The impact of the EQT line affected adidas forever. The image created for the EQT collection turned 30º the three adidas stripes and ended up replacing the trefoil debuted on the adidas SL 72.
adidas Predator
The idea was complex and difficult to accept, but those soccer boots made your shots unique. The adidas Predator of 1994 and its evolutions adidas Touch or adidas Accelerator completely changed the way of understanding the design of soccer footwear and its striking image influenced an entire generation.

adidas Ultraboost
A new technology, Boost, was both desired for its performance and style. One of those sneakers, the adidas Ultraboost, cross-cutting sneakers that manage to change the paradigm of an era, with it came back the running silhouettes and comfort as an added value.

adidas SPZL
Aware of the importance of its designs in different urban subcultures, adidas teamed up with Gary Aspden to recover some of the brand’s mythical stories and silhouettes.

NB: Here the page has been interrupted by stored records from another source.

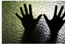
Negyven nőt erőszakolt meg az 57 éves családapa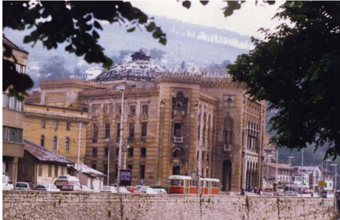
2. Sarajevo. La Biblioteca Nacional y Universitaria.

la Biblioteca de Sarajevo o las Budas de Bamiyán. Igualmente, será difícil describir las percepciones probadas de quien haya tenido modo de visitar las ricas iglesias serbio-ortodoxas, saqueadas, incendiadas e/o minadas por extremistas a kosovaro-albaneses, o bien reproducir los colores, los claroscuros o los detalles de obras maestras del ingenio humano, cuales la adoración de los pastores con los Santos Francisco y Lorenzo del Caravaggio, cuyo ningún duplicado fotográfico o digital podrá devolver nunca el justo mérito.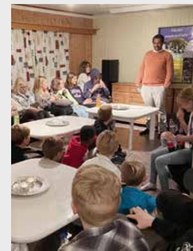
Ord for kvelden ved Tsegayesus.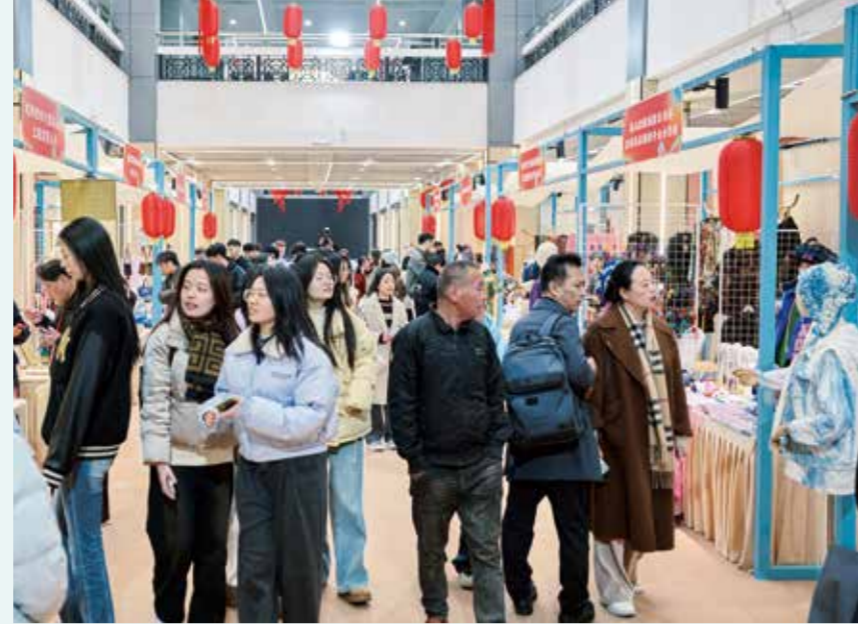
对接会现场人潮涌动。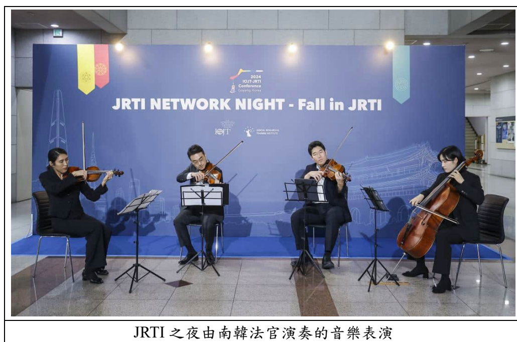
JRTI 之夜由南韓法官演奏的音樂表演

在 JRTI 之夜，主辦單位特地安排南韓法官們以小提琴及大提琴演奏，在優美的音樂盛會中，與會者度過一個愉快且悠閒的夜晚。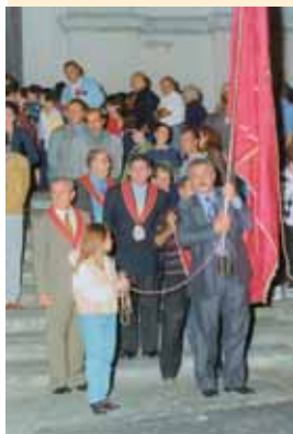
Ottobre 1994, ritorna la tradizionale processione del Rosario.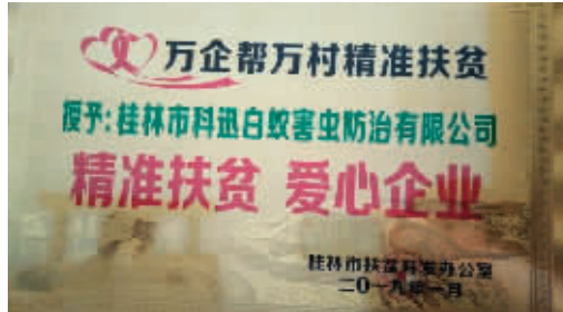
▲桂林科迅公司获得的“精准扶贫爱心企业”牌匾

2月24日，全国铁路预计发送旅客1220万人次，同比增长39.7%，铁路客流持续高位运行。 铁路春运客流持续走高，各地铁路部门采取有效措施，加大站车服务力度，打通春运出行“最后一公里”，让旅客体验更美好。沈阳局集团公司有部分列车配备“无线呼叫器”，为行动不便的重点旅客提供“随叫随到”的服务；北京局集团公司各大车站为重点旅客提供电话、微博预约服务，使进出站更加方便快捷；郑州局集团公司各车站启动大客流运输服务方案，优化售票组织，增加进出站通道和实名制验证岗位人员，最大限度为旅客提供便利；太原局集团公司太原南站启动“铁公机”应急机制，在协同城市公共交通部门确保到达旅客安全及时疏散的同时，积极挖潜扩能，采取增加列车编组，增开周末高峰列车等措施，共计增加运能1.3万余个。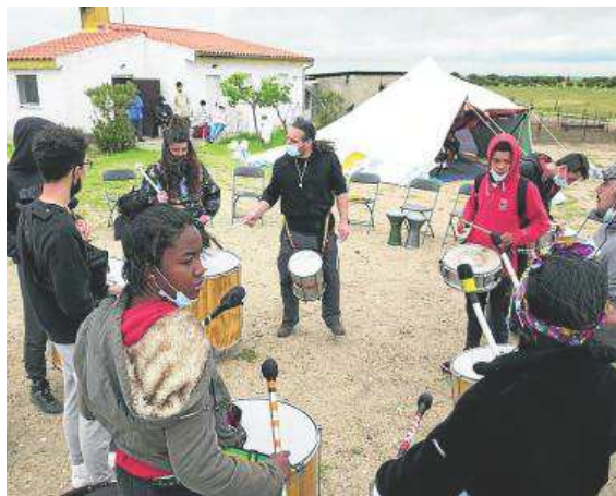
Batukada, una forma de animar el medio rural.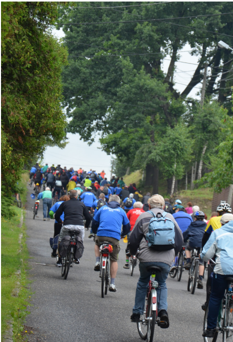
Na trasie nie zabrakło długich podjazdów.

W niedzielę, 28 czerwca, drogi powiatu wodzisławskiego opanowali rowerzyści. Byli to uczestnicy siedemnastego Powiatowego Rajdu Rowerowego.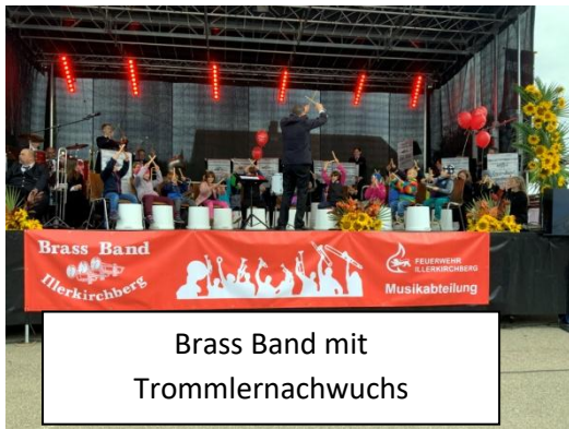
Brass Band mit Trommlernachwuchs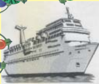
Bornholms Trafikkens Efterløns - Pensionistklub.

Receptionen finder sted på Velfærdskontoret, Århusgade 88, 6. sal, 2100 København Ø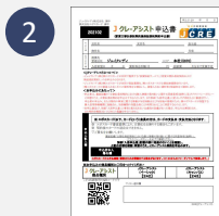
保証申込書 個人情報同意書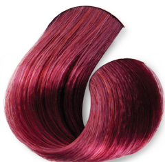
Louro Escuro Vermelho Intenso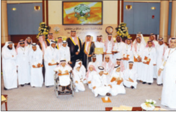
الفائزين في لعملة تذكارية مع راعي الحفل والشيخ سلطان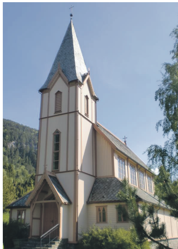
Kyrkjebø kyrkje fekk nytt orgel, og vart måla i 2018.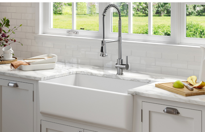
Évier de cuisine de ferme en argile réfractaire Turino™ 83,82 cm (33 po) (KFR1-33MWH)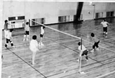
インディアカ教室

先月、勤労者体育センターでインディアカ教室(二回コース)と、卓球教室(四回コース)がそれぞれ開かれ、多くの受講生が集まりました。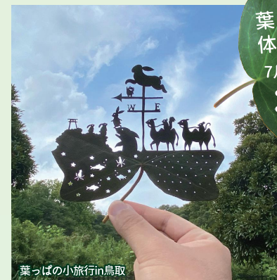
葉っぱの小旅行in鳥取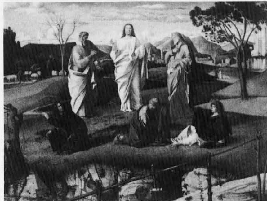
Dogodek Jezusove spremenitve na gori Tabor je skozi vso zgodovino umetnosti na poseben način navdihoval slikarje. Najprej so dogodek uprizarjali simbolično: Kristus pod podobo križa in ob njem apostoli, pod podobo jag-njet (prim. mozaik v absidi cerkve S. Apollinare v Ravenni). Šele poznejši umetniki so dogodek začeli upodabljati ikonografsko: Duccio di Buoninsegna, Giotto, Giovanni Bellini, Raffaello, Rubens in drugi. Na sliki: G. Bellini - Kristusova spremenitev (iz leta 1480).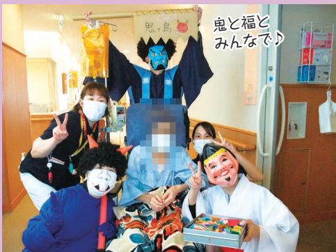
鬼と福と みんなで♪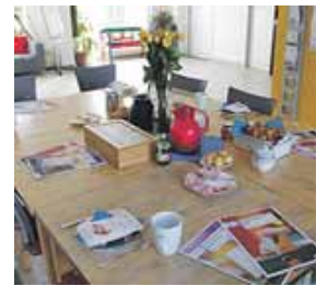
Auch zur Wahl 2021 gab es Wahltagcafés, hier in Ramersdorf.

Das Wahltagcafé ist ein Angebot des Projekts Demokratie-Lokal gemeinsam mit Münchner Nachbarschaftstreffs. Die Zusammenfassung aller Angebote des Demokratie-Lokals zur Wahl sowie weitere aktuelle Informationen zur Veranstaltung gibt es unter www.quarter-m.de/einfache-wahl-bundestag-2025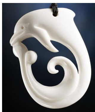
Slika 15.: privjesak papahu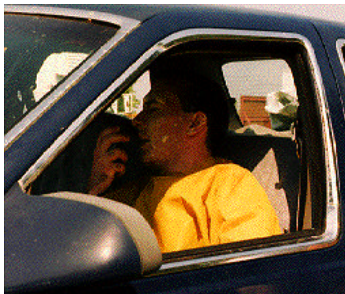
On lui demande de se réfugier dans sa voiture et d'appeler de l'aide.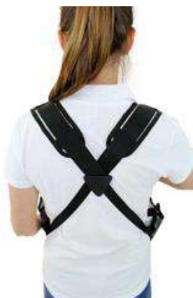
Sistema de correa de hombro ergonómico con hombrera ajustable

La bandeja aislada para proveedores es adecuada para una amplia gama de aplicaciones. Los materiales y la mano de obra de alta calidad garantizan estabilidad y durabilidad. La tapa abatible extraíble, el sistema de cinturones para los hombros con hombrera ajustable en la parte posterior transversalmente garantizan la máxima comodidad de uso. Con dos bolsillos exteriores laterales para accesorios de servicio o pochero. El frente y la tapa (interior) se pueden decorar con fines publicitarios. ¡Cuando se usa la bandeja con tapa también es adecuada para la distribución de productos de helado!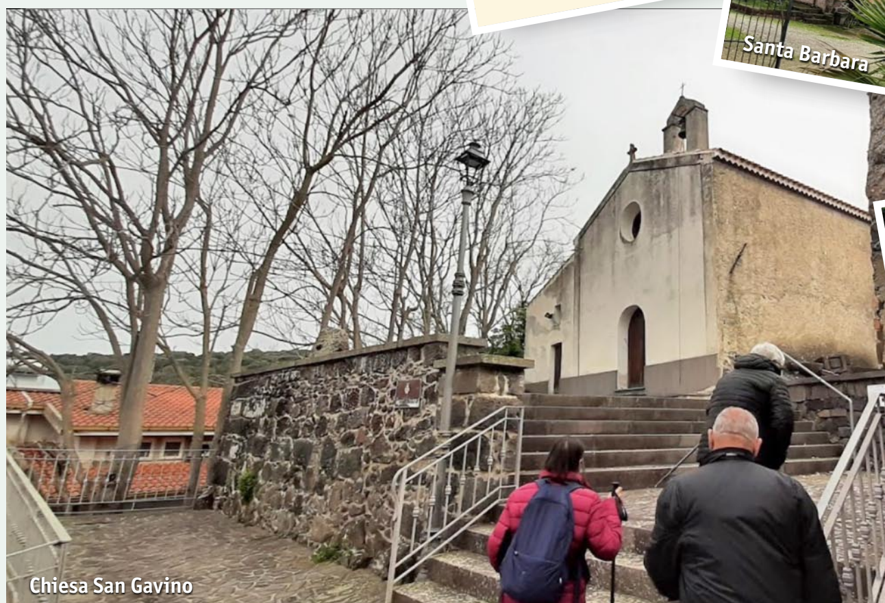
Chiesa San Gavino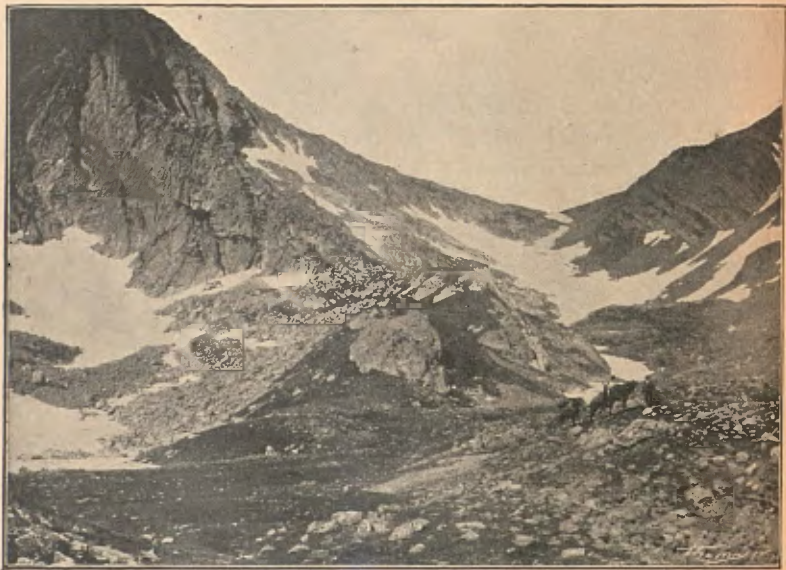
VALL D'ARÁN: CAP DEL PORT DE VIELLA

Sens dubte aquells infeliços, en mitg d'aquella desfigurada naturalesa, atuhits pel torb y cansats de rompre neu, perderen l'esma y, una vegada arribats al coll, en compte de girar-se a la dreta y seguir serra enllà cap a la carena, prengueren el coll com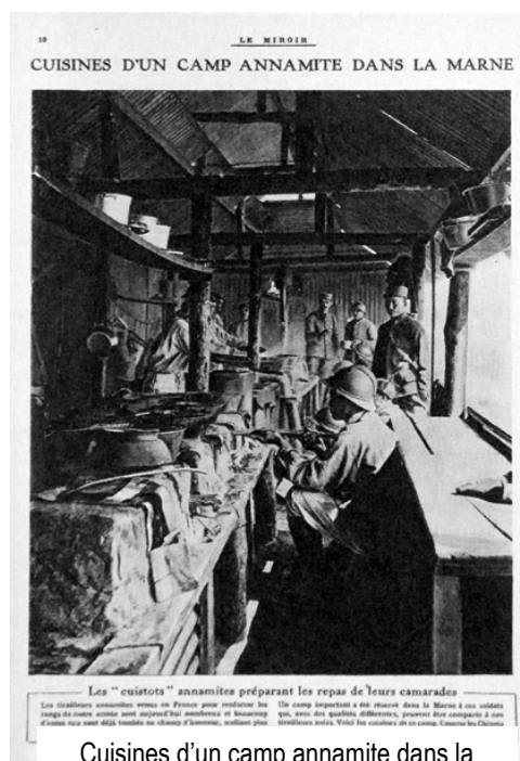
Cuisines d'un camp annamite dans la Marne » 1-7 juillet 1917

Cote : FP 228 Coll BDIC no. 17 (jul-1912) ; no. 18 (mar-1914) ; no. 36 (aoû-1914) -no. 343 (jul-1920) ; n.s. no. 3 (jul-1920) -no. 26 (dec-1920) ; n.s. no. 9 (oct-1939) ; no. 41 (jun-1940)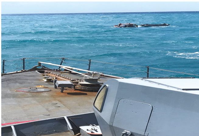
Atividade de Inspeção Naval

Na travessia de Recife (PE) para Natal (RN), esteve embarcado no NPa “Goiana” um oficial da FAB, que conheceu a rotina e peculiaridades de um navio da MB, além das atividades de patrulha naval e inspeção naval desenvolvidas durante a comissão.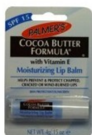
Palmers cocoa butter lipbalm 4 g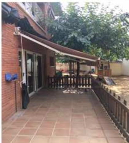
Canvi tendal Patufet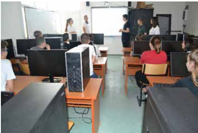
Aktivitet i Klubit të IT-së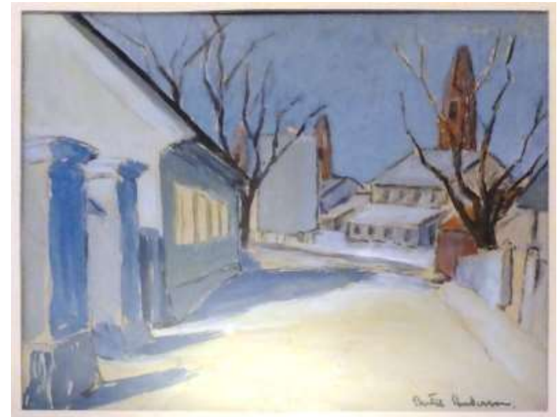
Bertil Andersson, Väsby Kungsgård och Srå kalkbruk , gouache 19 x 22 cm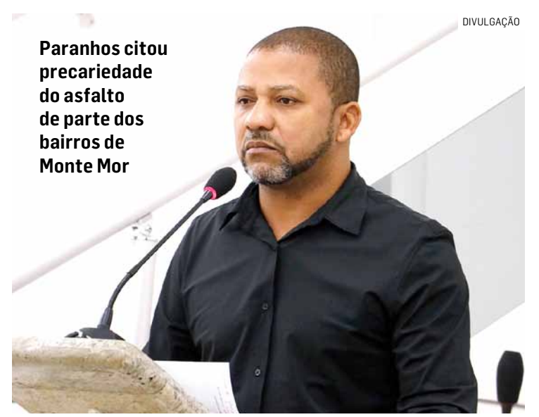
Paranhos citou precariedade do asfalto de parte dos bairros de Monte Mor

“A gente, como vereador, tem vergonha de falar para a população que a prefeitura está fazendo aquilo. Essa é a sensação da população, a minha sensação, a sensação da minha família: de que a nossa cidade não funciona”, disse o parlamentar, no plenário.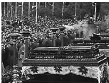
Rajk Lászlóék újratemetése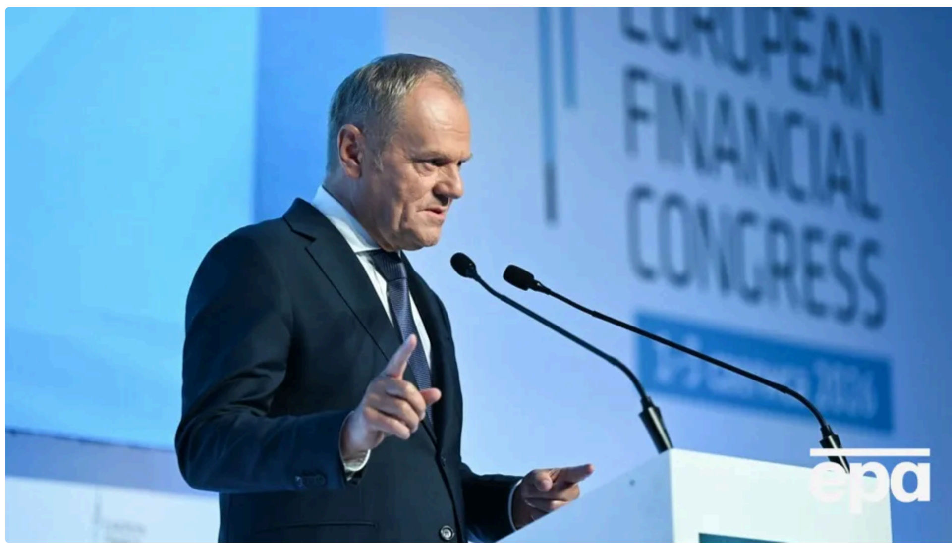
Туск висловився щодо рішення Навроцького про позбавлення Зеленського нагороди

Прем'єр-міністр Польщі Дональд Туск у соціальній мережі X 19 червня прокоментував рішення польського президента Кароля Навроцького позбавити президента України Володимира Зеленського ордена Білого Орла, який є найвищою державною нагородою Польщі.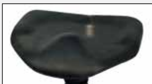
Anatomischer Sitz Anatomical shaped seat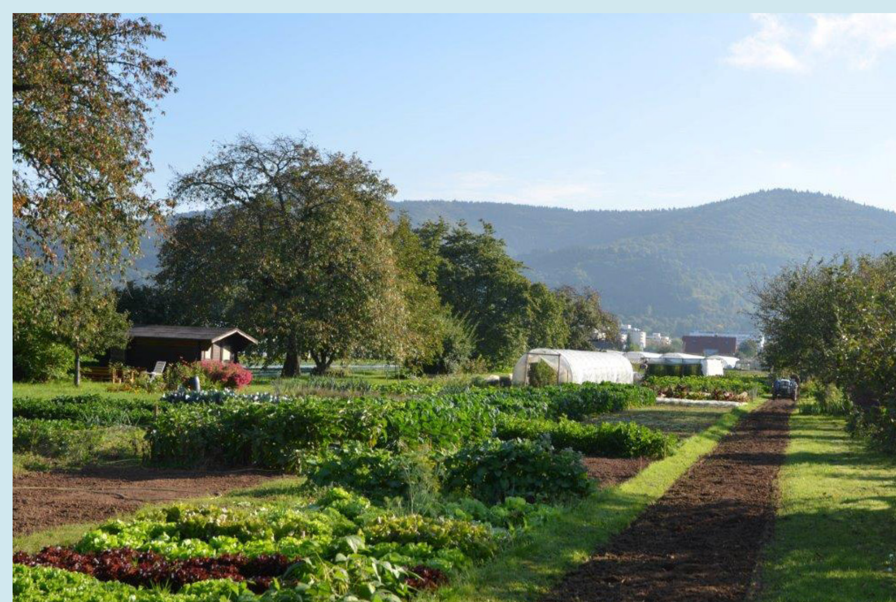
Handschuhsheimer Feld: Vielfalt - Kulturland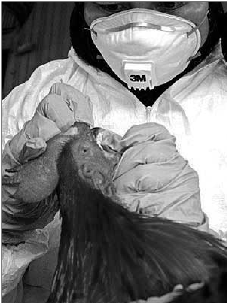
Verdacht auf Vogelgrippe: In China wurden 1,1 Millionen Tiere untersucht (AFP)

Bundestag von der Bundesregierung zwingend abverlangt, dass die Bundesregierung wiederum von den wissenschaftlichen Bundesgesundheitsbehörden, die dem Bundesministerium für Gesundheit unterstehen, die an Wissenschaft zwingend zu stellende Verpflichtung zur Wissenschaftlichkeit, d. h. zur Wahrhaftigkeit und Überprüf- und Nachvollziehbarkeit bei den durch die wissenschaftlichen Bundesgesundheitsbehörden (RKI, PEI u. a.) getätigten politisch und administrativ relevanten Tatsachenaussagen abverlangt, auch im Zusammenhang mit Tatsachenaussagen durch die wissenschaftlichen Bundesgesundheitsbehörden im Zusammenhang mit der global geplanten, nur virtuellen Vogelgrippepandemie und beispielsweise die Behauptung der Fotografierbarkeit eines Konsens durch die wissenschaftlichen Bundesgesundheitsbehörden nicht wieder duldet und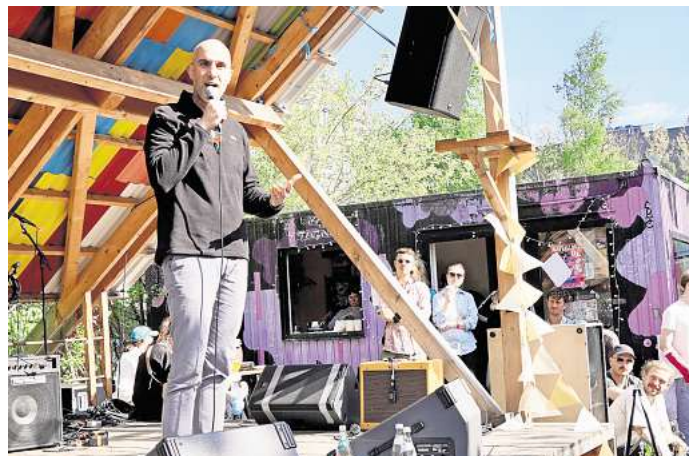
Belit Onay besuchte das Platzprojekt. Der Oberbürgermeister bezeichnete die Initiative als „lebendigen Ausdruck von Gemeinschaft und Stadtentwicklung von unten“.

bis hin zu Campingzubehör alles ausleihen können, was man nur anlassbezogen und nicht ständig braucht, gehören zum Angebot. Der Verein Platz-Projekt hat inzwischen rund 400 Mitglieder. Er steht für Teilhabe und Demokratie im Alltag. Nähere Informationen zum Platzprojekt und Veranstaltungsübersicht: platzprojekt.de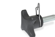
GN 6335.4 → Seite 587 GN 6335.5 → Seite 587 Werkstoff ST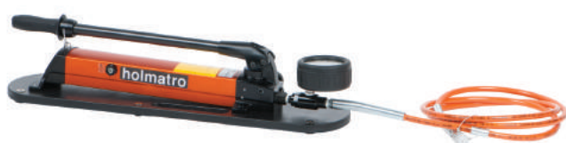
Ručna pumpa za Power Shore podupore

From 2014, the adidas SPZL collections are a celebration of the brand’s archives to recover almost forgotten models that tell their own stories and those of several generations related to music and fashion. Reissues, inspirations and new creations that tell new stories.
adidas NMD
A perfect example of merging adidas legacies and new technologies. The adidas NMD wore Boost and Primeknit, and their deeply contemporary styling had obscure references to models from the adidas archives.